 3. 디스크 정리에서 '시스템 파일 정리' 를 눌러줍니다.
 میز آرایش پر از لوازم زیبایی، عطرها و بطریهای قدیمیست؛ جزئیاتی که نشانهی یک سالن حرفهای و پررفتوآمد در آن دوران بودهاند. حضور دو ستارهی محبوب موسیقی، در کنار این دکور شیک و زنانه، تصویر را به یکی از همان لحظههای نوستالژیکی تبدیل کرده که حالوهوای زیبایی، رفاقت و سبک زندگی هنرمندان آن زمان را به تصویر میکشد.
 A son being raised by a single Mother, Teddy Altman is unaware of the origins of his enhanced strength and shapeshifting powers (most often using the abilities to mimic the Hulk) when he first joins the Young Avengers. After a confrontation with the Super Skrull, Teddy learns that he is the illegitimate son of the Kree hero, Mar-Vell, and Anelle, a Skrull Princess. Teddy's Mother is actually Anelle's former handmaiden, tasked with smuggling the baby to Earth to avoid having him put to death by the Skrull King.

#### [Work to be completed]
Extract every line above exactly as it stands.

#### [Response]
 3. 디스크 정리에서 '시스템 파일 정리' 를 눌러줍니다.
 میز آرایش پر از لوازم زیبایی، عطرها و بطریهای قدیمیست؛ جزئیاتی که نشانهی یک سالن حرفهای و پررفتوآمد در آن دوران بودهاند. حضور دو ستارهی محبوب موسیقی، در کنار این دکور شیک و زنانه، تصویر را به یکی از همان لحظههای نوستالژیکی تبدیل کرده که حالوهوای زیبایی، رفاقت و سبک زندگی هنرمندان آن زمان را به تصویر میکشد.
 A son being raised by a single Mother, Teddy Altman is unaware of the origins of his enhanced strength and shapeshifting powers (most often using the abilities to mimic the Hulk) when he first joins the Young Avengers. After a confrontation with the Super Skrull, Teddy learns that he is the illegitimate son of the Kree hero, Mar-Vell, and Anelle, a Skrull Princess. Teddy's Mother is actually Anelle's former handmaiden, tasked with smuggling the baby to Earth to avoid having him put to death by the Skrull King.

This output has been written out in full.